What function is most likely to constantly forgive betrayal and give endless chances?


----------



## Enoch (Feb 5, 2017)

Ne/Fi

FMLT spend all of their life wishing they were ordinary.


----------



## danthemanklein (Mar 30, 2018)

Enoch said:


> Ne/Fi
> 
> FMLT spend all of their life wishing they were ordinary.


Fi

Function most likely to talk in a very linear fashion.


----------



## Moo Rice (Apr 9, 2018)

Te

What function is most likely to like pineapple pizza?


----------



## danthemanklein (Mar 30, 2018)

Moo Rice said:


> Te
> 
> What function is most likely to like pineapple pizza?


Fi?

What function is most likely to watch conspiracy videos despite whether or not they’re true?


----------



## Crowbo (Jul 9, 2017)

Ne

FMLT refer to sperm as unicorn blood


----------



## danthemanklein (Mar 30, 2018)

Ne/Si

What function is most likely to overthink or get impulsive when under stress?


----------



## Electra (Oct 24, 2014)

A chick out of chocklate durin' PMS!

TMLT be dead serious often


----------



## Bellerixx (Jun 3, 2020)

Ti or Te


FMLT ordering food instead of cooking


----------



## Crowbo (Jul 9, 2017)

Se cause of laziness

FMLT best represent Adventure Time


----------



## Bellerixx (Jun 3, 2020)

Fi/Se
(Edited : Ne)

Fmlt best represent Pokemon


----------



## Crowbo (Jul 9, 2017)

Interesting. I was thinking Ne. Adventure Time is one of the most Ne shows ever imo. 
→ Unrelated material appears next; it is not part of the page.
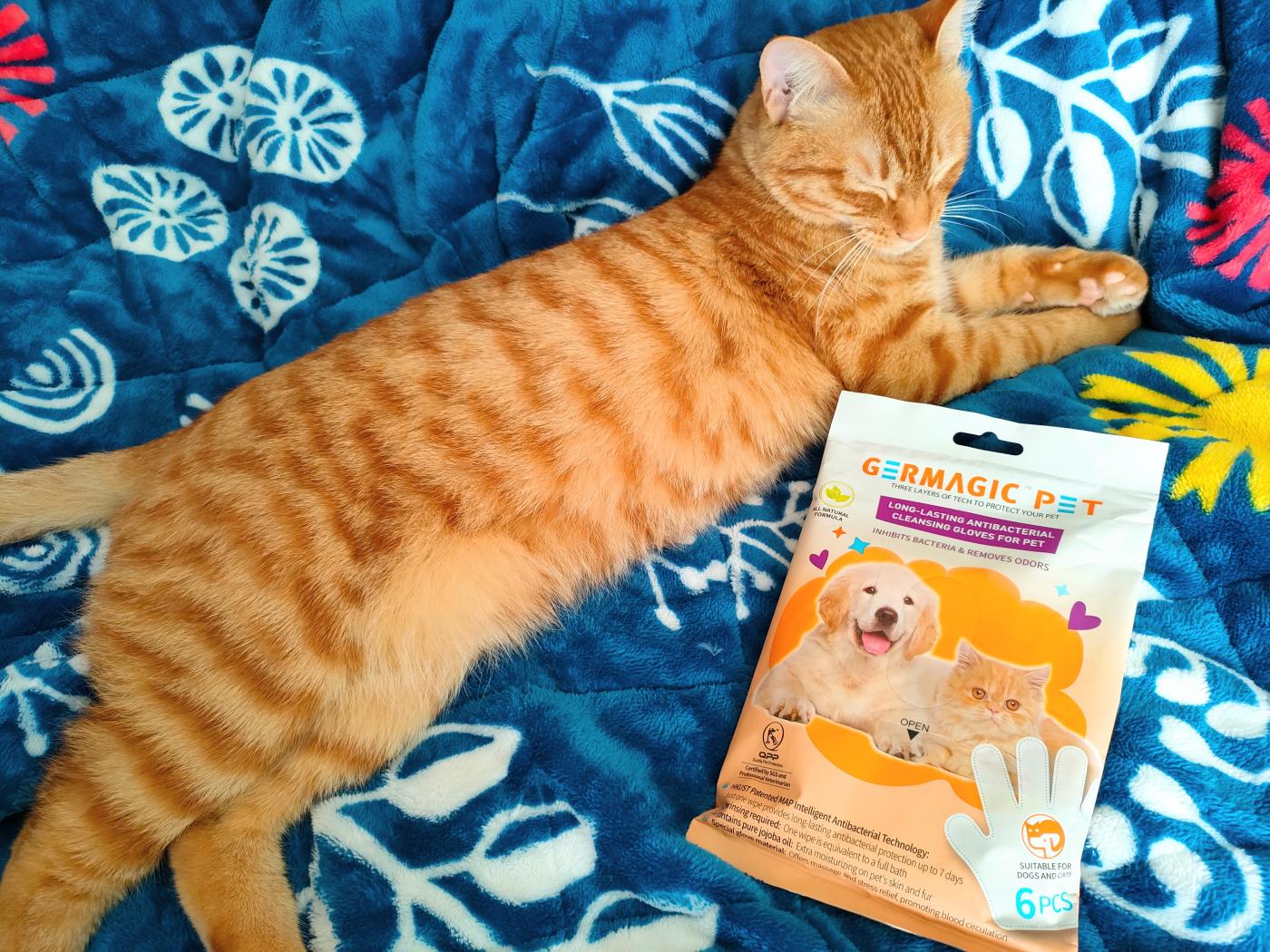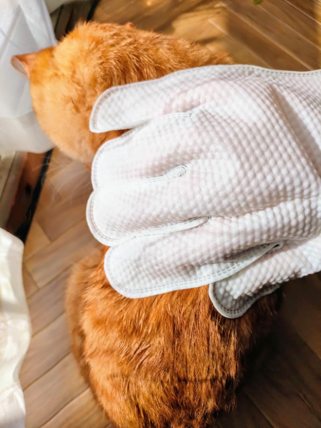 愛猫はシート状のものだと拭かれると勘づいて逃げてしまうことがあるのですが、こちらは手袋型なので違和感が無さそうな様子。

For Pokemon, it's tough but I'd say perhaps Fi. Not sure at the moment.


----------



## KindaSnob! (Nov 15, 2020)

Just Ne

FMLT eat cookie stranger gave


----------



## Bellerixx (Jun 3, 2020)

Fi 


FMLT listen to music while sleeping


----------



## KindaSnob! (Nov 15, 2020)

Fi...?

FMLT hate desk with dirty mess


----------



## Bellerixx (Jun 3, 2020)

Te/Fe


FMLT skips art class


----------



## KindaSnob! (Nov 15, 2020)

Ti?

FMLT who hates passive-aggressive to death


----------



## Bellerixx (Jun 3, 2020)

Ti 

FMLT hates messy spaces


----------



## Electra (Oct 24, 2014)

Ni?

FMLT love cloths shopping


----------



## Bellerixx (Jun 3, 2020)

🤔hmm Se


FMLT being a moody


----------



## KindaSnob! (Nov 15, 2020)

Fi?

FMLT use emoji


----------



## Bellerixx (Jun 3, 2020)

hmm🤔 Fi (maybe)



FMLT use emoji 🎅


----------



## KindaSnob! (Nov 15, 2020)

Fe

FMLT have strict diet


----------



## Bellerixx (Jun 3, 2020)

Ti/Fi(?)


FMLT prefer stay home all day instead of going outside at holidays


----------



## Crowbo (Jul 9, 2017)

Fi

FMLT represent Death Metal


----------



## Bellerixx (Jun 3, 2020)

Ti(?)


FMLT represent pop


----------



## Crowbo (Jul 9, 2017)

Fe

FMLT represent Black Sabbath


----------